Одно из самых главных впечатлений от выставки именно в этом — в нежданном соответствии важных моментов отечественной истории с хроникой рецепции палладианства в России. Самый первый перевод (не то чтобы прямо совсем перевод, скорее конспект, но уж слишком красиво ложится в концепцию) — рукописный труд будущего "верховника" Алексея Долгорукова, слепок превращения допетровского княжича в любознательного "птенца гнезда Петрова". Затем труд Петра Еропкина, сложившего голову на плахе по обвинению в заговоре против Бирона. Далее переводческие усилия Николая Львова, свидетеля екатерининского века и создателя, настаивает выставка, образа той самой "usadba Russa", без которой не было бы ни пушкинской Татьяны, ни толстовской "мысли семейной". Ну а в конце — Жолтовский, начинавший еще при царе и тогда же впервые задумавшийся над переводом "Libri" Палладио.
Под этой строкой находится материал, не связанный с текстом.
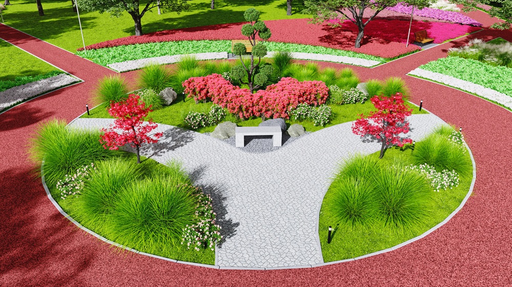 wizualizacja 3 – widok na alejki i ogród japoński

И на четыре года переживший знаменитое хрущевское постановление "Об устранении излишеств в проектировании и строительстве".
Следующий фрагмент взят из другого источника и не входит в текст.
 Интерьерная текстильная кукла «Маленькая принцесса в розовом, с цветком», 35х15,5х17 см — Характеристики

Жолтовский, наряду с Львовым и Кваренги,— один из главных персонажей выставки; хотя хронологически самая новая работа в экспозиции — "Последний день Помпеи" Александра Бродского, финальный зал посвящен именно Жолтовскому и его культу Палладио (удалось найти даже тот портрет венецианского архитектора, который у главного советского неоклассициста висел на правах без пяти минут молельного образа).
Однако это выставка не совсем о персоналиях. Да, ее основной корпус составляет архитектурная графика с петровских времен до 1950-х, подобранная с исключительной тщательностью и представительностью по меркам тех выставок, которые Россия показывала за границей в последние лет десять. Да, при отсылках к Палладио в этих листах очень много личного, узнаваемого не как палладианство вообще, а как архитектура Камерона, Кваренги, Львова или Фомина. Но великолепные проектные листы с бесстрастными отмывками тушью дополнены живописью, акварелями и даже фарфором. И кажется, что красноречивее всего поданы не творческие биографии архитекторов, а большие культурные сюжеты.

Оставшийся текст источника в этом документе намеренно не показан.